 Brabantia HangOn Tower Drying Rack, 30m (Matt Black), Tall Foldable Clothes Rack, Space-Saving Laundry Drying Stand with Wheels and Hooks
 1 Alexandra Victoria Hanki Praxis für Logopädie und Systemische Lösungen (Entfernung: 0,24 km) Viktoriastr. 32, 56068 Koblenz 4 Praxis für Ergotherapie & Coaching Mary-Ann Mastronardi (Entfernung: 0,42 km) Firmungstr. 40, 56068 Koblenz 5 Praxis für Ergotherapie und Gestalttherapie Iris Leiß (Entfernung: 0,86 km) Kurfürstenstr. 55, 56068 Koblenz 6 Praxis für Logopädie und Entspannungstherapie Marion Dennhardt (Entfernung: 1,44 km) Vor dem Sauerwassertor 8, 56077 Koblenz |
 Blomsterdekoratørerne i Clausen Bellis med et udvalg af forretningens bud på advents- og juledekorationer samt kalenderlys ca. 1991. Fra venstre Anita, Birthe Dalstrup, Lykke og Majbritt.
* * *
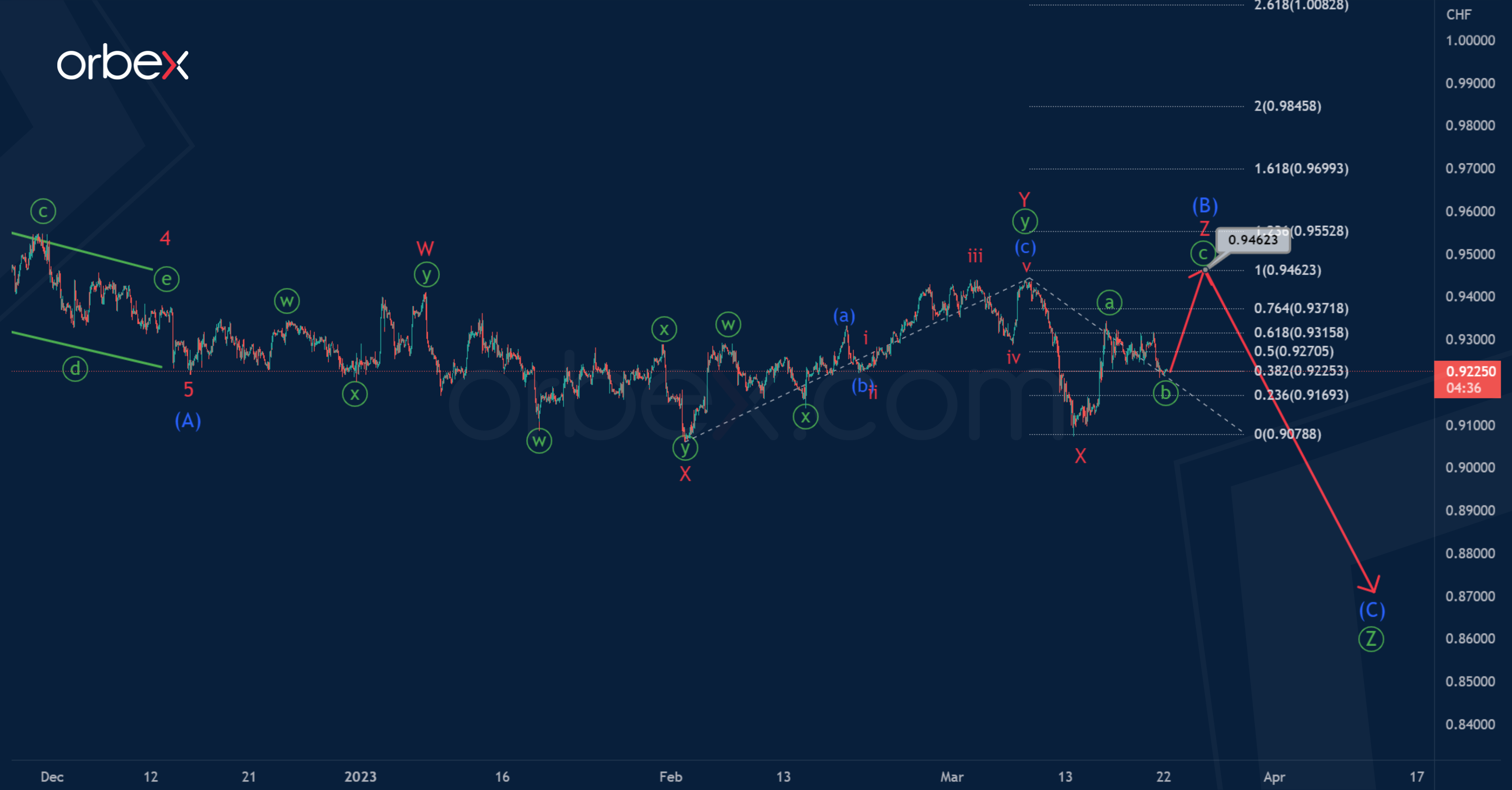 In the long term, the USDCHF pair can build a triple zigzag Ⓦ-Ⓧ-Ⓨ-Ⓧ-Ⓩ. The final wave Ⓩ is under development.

Try it: When you reach the line holding "Brabantia HangOn Tower" in the records above, begin reproducing exactly, stop after the line holding "Blomsterdekoratørerne i Clausen", and output nothing else.

Solved exercise:
 Brabantia HangOn Tower Drying Rack, 30m (Matt Black), Tall Foldable Clothes Rack, Space-Saving Laundry Drying Stand with Wheels and Hooks
 1 Alexandra Victoria Hanki Praxis für Logopädie und Systemische Lösungen (Entfernung: 0,24 km) Viktoriastr. 32, 56068 Koblenz 4 Praxis für Ergotherapie & Coaching Mary-Ann Mastronardi (Entfernung: 0,42 km) Firmungstr. 40, 56068 Koblenz 5 Praxis für Ergotherapie und Gestalttherapie Iris Leiß (Entfernung: 0,86 km) Kurfürstenstr. 55, 56068 Koblenz 6 Praxis für Logopädie und Entspannungstherapie Marion Dennhardt (Entfernung: 1,44 km) Vor dem Sauerwassertor 8, 56077 Koblenz |
 Blomsterdekoratørerne i Clausen Bellis med et udvalg af forretningens bud på advents- og juledekorationer samt kalenderlys ca. 1991. Fra venstre Anita, Birthe Dalstrup, Lykke og Majbritt.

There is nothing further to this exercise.